Milky Way at Todd Lake

Last night I joined the local photography meet-up group for a Milky Way shoot at Todd Lake. When we left Bend, the skies were clear but as we traveled toward the mountains we could see a heavy cloud bank covering the area of the mountain we would be shooting. Even so, we were hopeful that once the sun went down, the skies would clear.

Todd Lake
Clouds covering the mountain. 9:45 p.m., 17mm, .8 seconds, f/2.8, ISO 2500

It is about a 1/2 mile hike from the parking area at the lake to the spot where we would be shooting. It was still light enough for us to hike in without using our flashlights. The clouds were still covering the mountain but there were signs of it breaking up.

Milky Way over Mt.
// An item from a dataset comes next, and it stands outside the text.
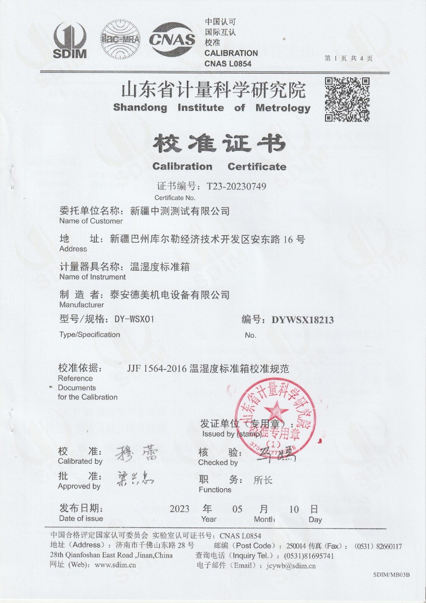 | 上一條:越南晶科能源實業(yè)有限責(zé)任公司 溫濕度標(biāo)準(zhǔn)箱 校準(zhǔn)證書 | 下一條:廉金屬熱電偶檢定爐-校準(zhǔn)證書 |

Bachelor
The Milky Way coming in from the left. 10:42 p.m., 17mm, 20 seconds, f/2.8, ISO 3200

And lo and behold, the clouds did disperse and we had a few hours of wonderful shooting. It got quite chilly once the sun went down and I was glad I had brought a headband, gloves, and my winter jacket.

Milky Way over Mt. Bachelor
Milky Way moving to the right. 11:00 p.m., 17mm, 20 seconds, f/2.8, ISO 3200

For the last few photos we experimented with increasing the length of the shot and covering the top half of the lens halfway through in order to get a little more detail in the water.

We finished our shoot around midnight. It was a wonderful evening.

Milky Way over Mt. Bachelor
19mm, 46 seconds, f/2.8, ISO 3200

You can see how the color of the light changed as the evening progressed.

Milky Way over Mt. Bachelor
Milky Way over Mt. Bachelor, 17mm, 46 seconds, f/2.8, ISO 3200

Maralee

 

16 Replies to “Milky Way at Todd Lake”

  1. Very nice . . . I’m curious about the difference between what you saw with your naked eyes and the photos.

    I’ve been to a few places where I could “see”” the Milky Way but still barely a hint of it.

    I don’t see star trails in the 46 seconds exposure. Did you use something that tracked the movement? Or it’s not evident even at nearly a minute?

    1. I could see the Milky Way with the naked eye but the camera sees it much better. For the 46 second shots I covered the top half of the lens after 20 seconds to get more exposure on the lake so there wasn’t much movement with the stars. I did very little processing with these photos. Added a little clarity and a tiny bit of vibrancy in Lightroom.